Image Analysis Process

There are two types of image analysis:

Centralized Analysis
Distributed Analysis

Image analysis is performed as a distinct, asynchronous, and scheduled task driven by queues that analyzer workers periodically poll.

Image analysis_status states:

stateDiagram
    [*] --> not_analyzed: analysis queued
    not_analyzed --> analyzing: analyzer starts processing
    analyzing --> analyzed: analysis completed successfully
    analyzing --> analysis_failed: analysis fails
    analyzing --> not_analyzed: re-queue by timeout or analyzer shutdown
    analysis_failed --> not_analyzed: re-queued by user request
    analyzed --> not_analyzed: re-queued for re-processing by user request

Centralized Analysis

The analysis process is composed of several steps and utilizes several system components. The basic flow of that task as shown in the following example:

Centralized analysis high level summary:

sequenceDiagram
    participant A as AnchoreCTL
    participant R as Registry
    participant E as Anchore Deployment
    A->>E: Request Image Analysis
    E->>R: Get Image content
    R-->>E: Image Content
    E->>E: Analyze Image Content (Generate SBOM and secret scans etc) and store results
    E->>E: Scan sbom for vulns and evaluate compliance

Here is an example of initiating this process using anchorectl

anchorectl image add docker.io/library/nginx:latest

This command tells the Anchore deployment to pull the image from Docker Hub, unpack it, generate an SBOM and then conduct a and vulnerability scan and policy evaluation.

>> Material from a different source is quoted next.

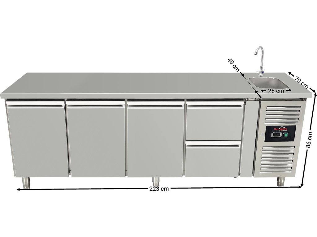 Chladicí stůl s dřezem se 3 dvířky a 2 šuplíky vpravo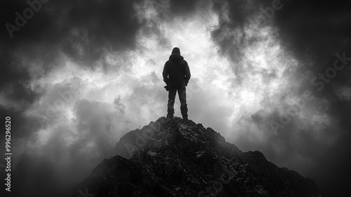 © SeiryuFujin, Obraz premium Man on Mountaintop

The analyzers operate in a task loop for analysis tasks as shown below:

alt text

Adding more detail, the API call trace between services looks similar to the following example flow:

alt text

Distributed Analysis

In distributed analysis, the analysis of image content takes place outside the Anchore deployment and the result is imported into the deployment. The image has the same state machine transitions, but the ‘analyzing’ processing of an imported analysis is the processing of the import data (vuln scanning, policy checks, etc) to prepare the data for internal use, but does not download or touch any image content.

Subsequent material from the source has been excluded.